►
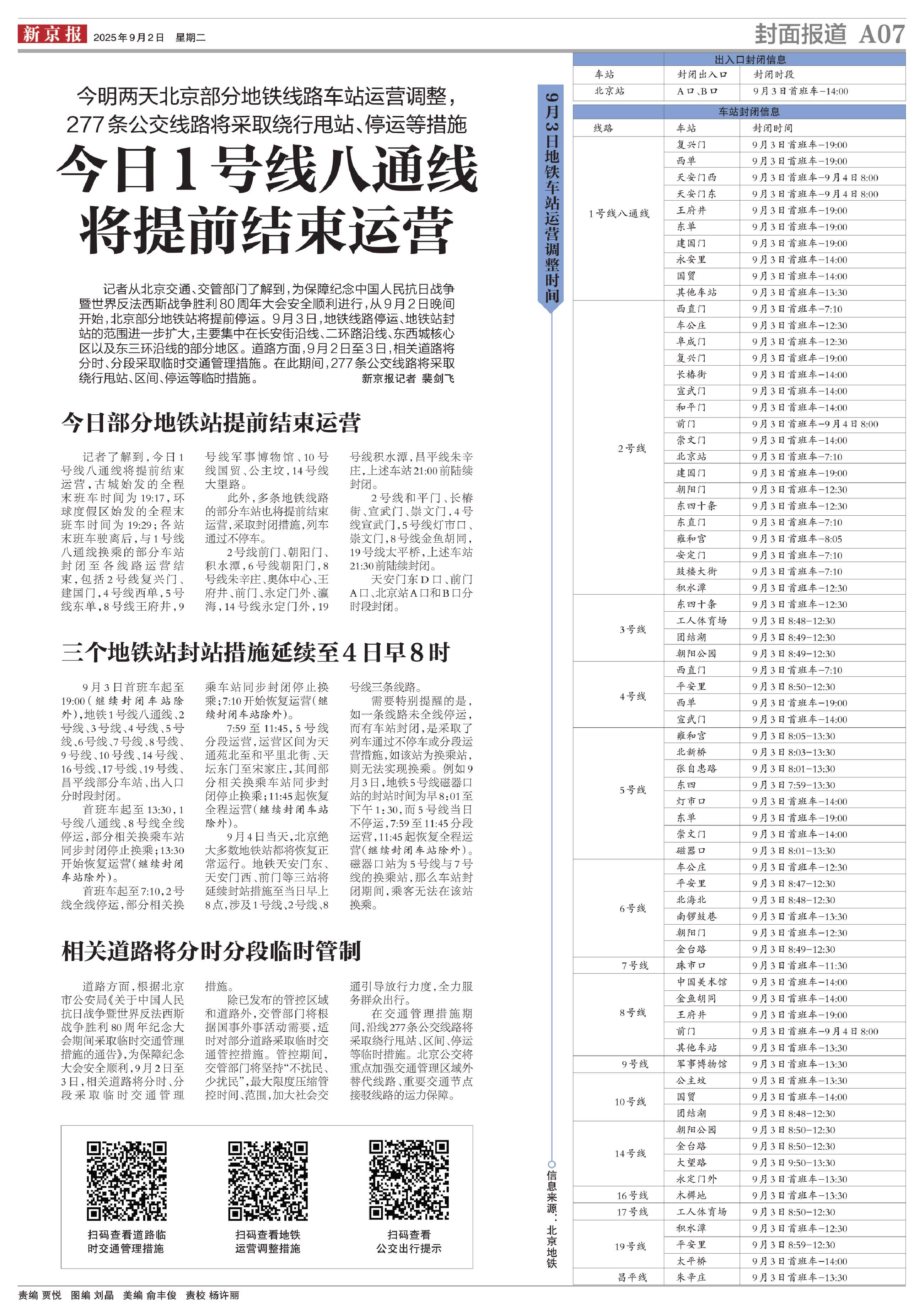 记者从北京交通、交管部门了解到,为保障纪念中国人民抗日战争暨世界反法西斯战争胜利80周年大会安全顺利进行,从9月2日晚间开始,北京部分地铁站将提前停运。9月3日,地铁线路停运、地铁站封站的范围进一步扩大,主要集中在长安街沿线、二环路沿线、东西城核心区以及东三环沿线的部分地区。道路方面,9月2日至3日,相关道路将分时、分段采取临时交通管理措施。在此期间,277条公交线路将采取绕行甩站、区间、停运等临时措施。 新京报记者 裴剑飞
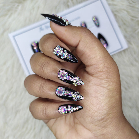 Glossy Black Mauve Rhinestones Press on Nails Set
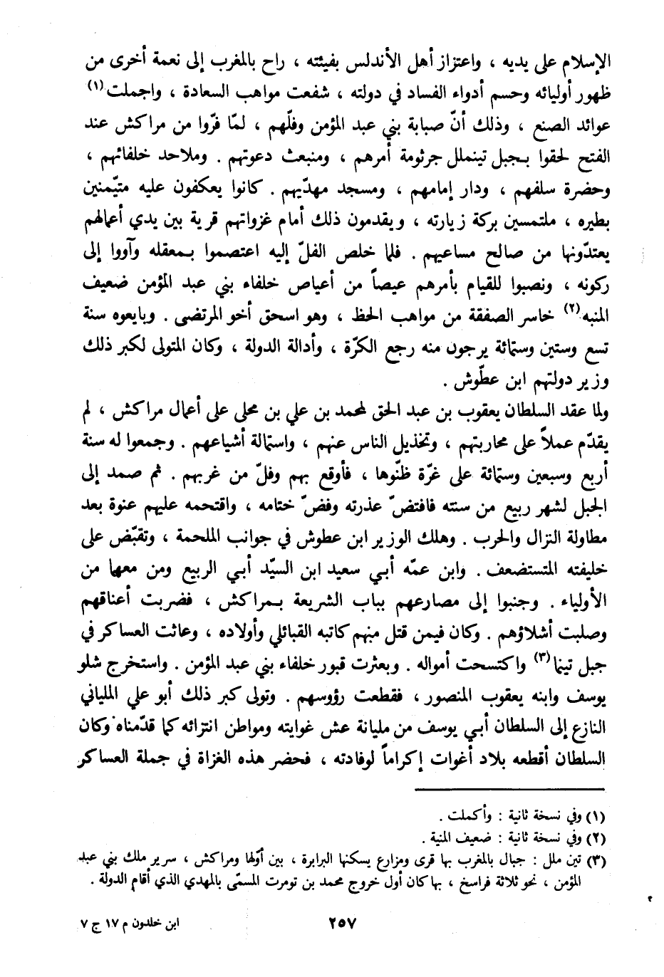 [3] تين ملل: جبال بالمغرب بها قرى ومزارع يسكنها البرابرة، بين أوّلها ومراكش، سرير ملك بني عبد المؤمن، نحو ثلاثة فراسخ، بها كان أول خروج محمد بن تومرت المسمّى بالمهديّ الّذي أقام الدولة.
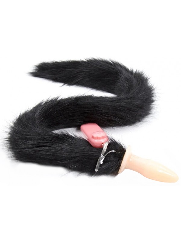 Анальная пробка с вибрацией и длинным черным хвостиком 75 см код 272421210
◄
> [Your objective]: Set down the data above exactly as written. Omit the pictures.

> [Problem solution]:
 记者从北京交通、交管部门了解到,为保障纪念中国人民抗日战争暨世界反法西斯战争胜利80周年大会安全顺利进行,从9月2日晚间开始,北京部分地铁站将提前停运。9月3日,地铁线路停运、地铁站封站的范围进一步扩大,主要集中在长安街沿线、二环路沿线、东西城核心区以及东三环沿线的部分地区。道路方面,9月2日至3日,相关道路将分时、分段采取临时交通管理措施。在此期间,277条公交线路将采取绕行甩站、区间、停运等临时措施。 新京报记者 裴剑飞
 Glossy Black Mauve Rhinestones Press on Nails Set
 [3] تين ملل: جبال بالمغرب بها قرى ومزارع يسكنها البرابرة، بين أوّلها ومراكش، سرير ملك بني عبد المؤمن، نحو ثلاثة فراسخ، بها كان أول خروج محمد بن تومرت المسمّى بالمهديّ الّذي أقام الدولة.
 Анальная пробка с вибрацией и длинным черным хвостиком 75 см код 272421210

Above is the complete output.